(EXERCISE INSTRUCTIONS) Exclude all pictures. Then restate, word for word, the entries from the first line through the line that contains "Je nám ct'ou".

[Items listed in a dataset]
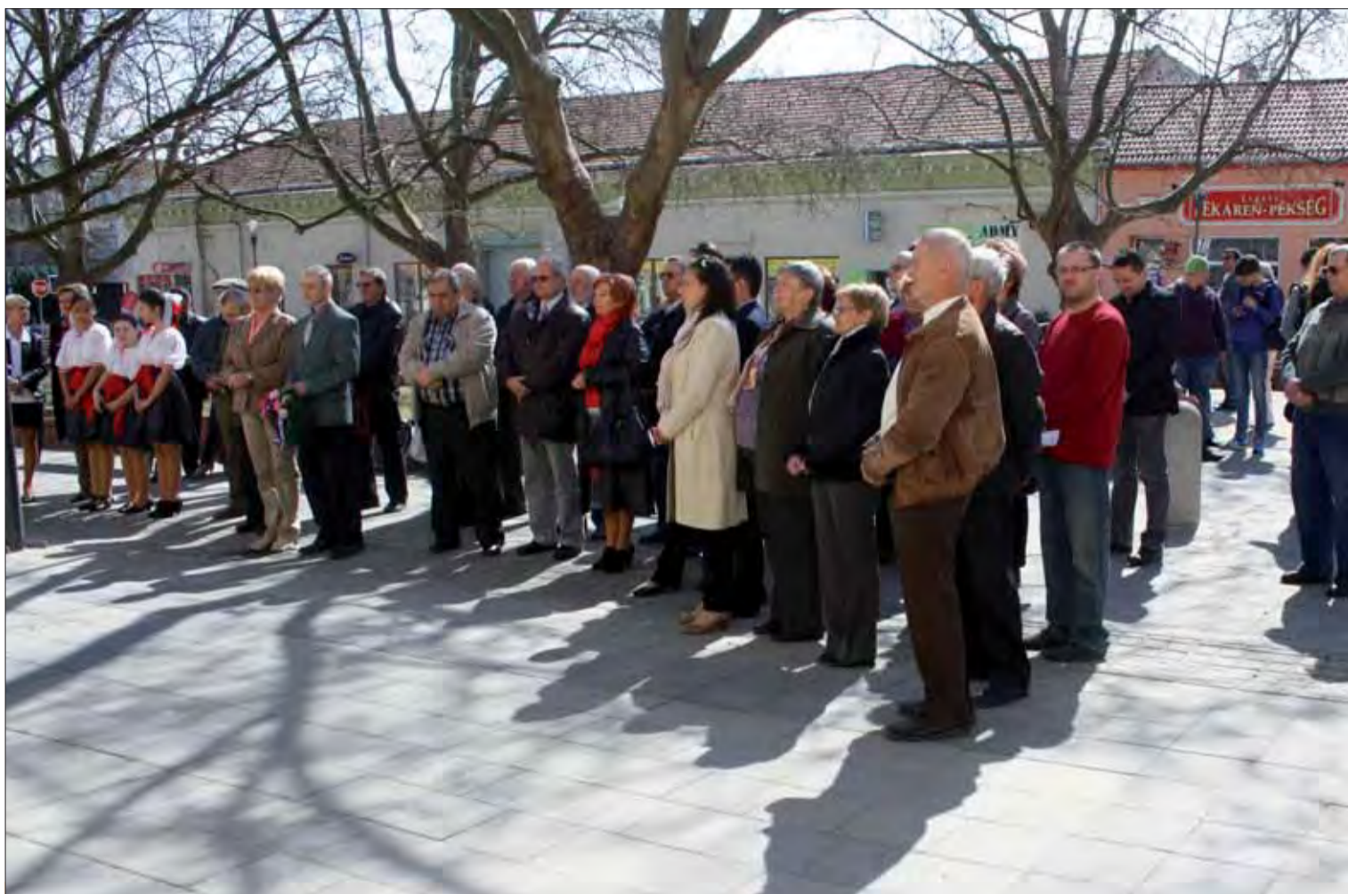
Účastníci pietnej spomienky v Štúrovo.

Je nám ct'ou spolupracovať s takýmito výnimočnými osobnosťami v SZPB. F. CHUDA
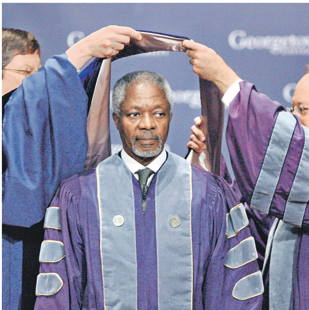
↑ Кofi Аннан был избран Генсеком ООН в 1997 году. Выходец из Ганы, в самой ООН он работал с 24 лет, еще будучи студентом. В этой организации Аннан трудился в ВОЗ, комиссариате по делам беженцев. В 2001 году ганец стал лауреатом Нобелевской премии мира. Аннан выступал против вторжения коалиции в Ирак в 2003 году
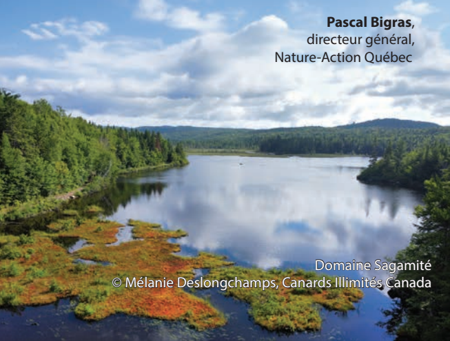
Domaine Sagamité
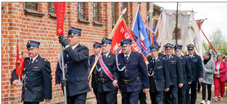
» Swoją obecnością uroczystości odpustowe uświetnili również druhowie z pocztaami sztandarowymi z jednostek w Nowodworze, Zawitale, Trzciankach i Grabowie Ryckim
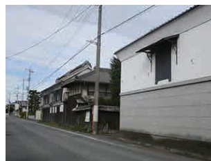
旧街道沿いの街並み
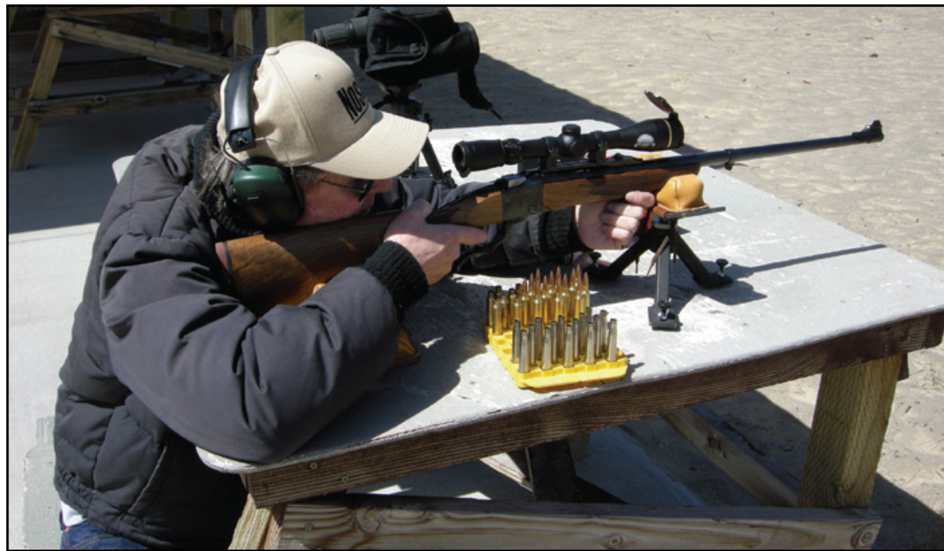
Специальная юбилейная модель Ruger No. 1, показанная внизу, изготовлена малой серией в штучной мастерской фирмы Ruger. Оснащенная оптическим прицелом Leupold юбилейной серии, во время тестирования на стрельбище постоянно показывала кучность на уровне угловой минуты.

ореха сделана со вкусом: цевье в стиле Александра Генри и приклад классической формы. Нарезка решетки, охватывающей периметр шейки, выполнена деликатно; на красный затылок-амортизатор нанесён логотип фирмы Ruger. Выполненный всецой золотом юбилейный логотип фирмы Cabela's был расположен на нижней поверхности ствольной коробки, прямо перед клиновым затвором. В продажу поступит только 500 штучных экземпляров винтовки Ruger No. 1.

(EXERCISE SOLUTION)
Účastníci pietnej spomienky v Štúrovo.

Je nám ct'ou spolupracovať s takýmito výnimočnými osobnosťami v SZPB. F. CHUDA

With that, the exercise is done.